Dáil Éireann Debate, Tuesday - 20 March 2018

Tuesday, 20 March 2018

Ceisteanna (928)

Bernard Durkan

Ceist:

928. Deputy Bernard J. Durkan asked the Minister for Employment Affairs and Social Protection the new procedure for calculation of the State pension (contributory) entitlement with particular reference to self employed with or without business partnerships but may have shared responsibilities; and if she will make a statement on the matter. [11838/18]

Amharc ar fhreagra

Freagraí scríofa

A policy to introduce the Total Contributions Approach (TCA) to pensions calculation was adopted by Government in the National Pensions Framework in 2010, as was the decision to base the entitlements of all new pensioners on this approach from around 2020. The Government has announced its intention to proceed with that policy in its recently published Roadmap for Pensions Reform. To that end, and to inform the final design of the system, a public consultation will be conducted later this year, and the necessary legislative, technical and administrative arrangements will be determined and developed thereafter.

The Government also announced in January that those affected by the 2012 rateband changes will also have the option of availing of a TCA-based pension, if it is to their advantage. The TCA model being made available to them will award a maximum rate pension for those with 40 years contributions (including up to 20 years HomeCaring credits), and pro-rata payments for those with fewer contributions. Up to 10 years ordinary credits (e.g. for Jobseekers or Illness Benefit) may also be used, subject to the total number of HomeCaring and ordinary credits not exceeding 20 years.

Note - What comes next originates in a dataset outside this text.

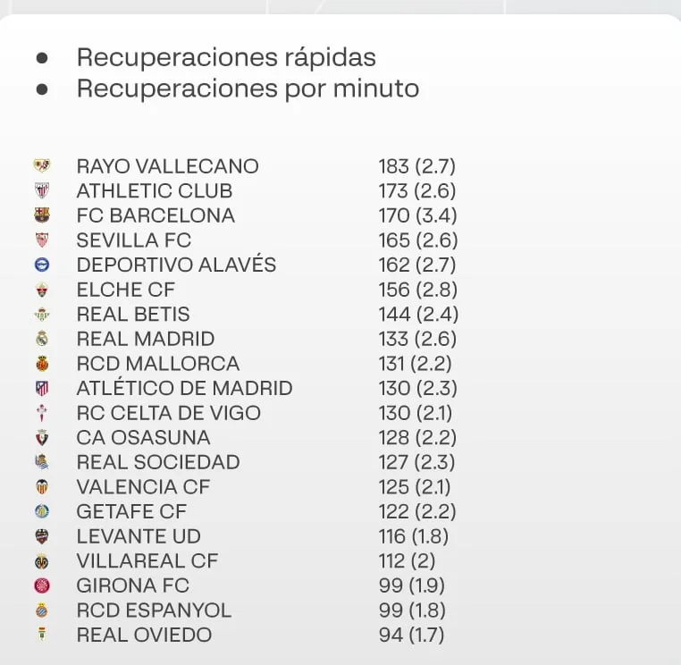 Також Хетафе у хвості Прімери за кількістю повернень і головне – швидких повернень м’яча. "Містяни" не вмикають контрпресинг, а після втрати вишиковують масовані оборонні редути. Вони не забирають м’яч, а захищають ворота.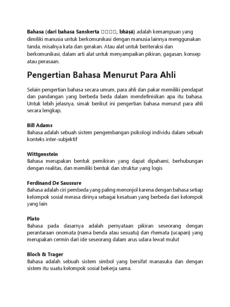 Definisi bahasa bahasa adalah alat komunikasi yang berupa system lambang bunyi yang dihasilkan alat ucap manusia sebagaimana kita ketahui bahasa terdiri atas kata kata atau kumpulan kata. Menurut luxemburg bal dan weststeijn. Tokoh menurut bahasa 1 k tokoh menurut benua 6 k tokoh menurut jenis kelamin 3 k tokoh menurut kewarganegaraan 236 k 1 h. Arti kata tokoh menurut kbbi.

Where a person has been in self-employment from the introduction of compulsory Class S contributions from 1988 until reaching State pension age, they may already receive a maximum rate State pension contributory, subject to meeting the general conditions for payment. If not, they may still benefit from the new TCA arrangements, depending on their circumstances.

The main focus of this reform has been to reward those who either made contributions into the Social Insurance Fund, or to recognise the contribution of those who took time out of the workforce for caring duties. If someone made very little of either such contributions, and if their means are such that they would not qualify for a 95% state pension non-contributory (e.g. if they have substantial private or occupational pensions), they may benefit more from existing arrangements.

The new system for calculation of a person’s rate of pension does not impact upon whether a person was liable for PRSI during a particular period. If they have paid the required contributions at a reckonable rate – including Class S – they will be used in the calculation of their entitlements. If they do not, that will remain unchanged by this reform.

I hope this clarifies the matter for the Deputy.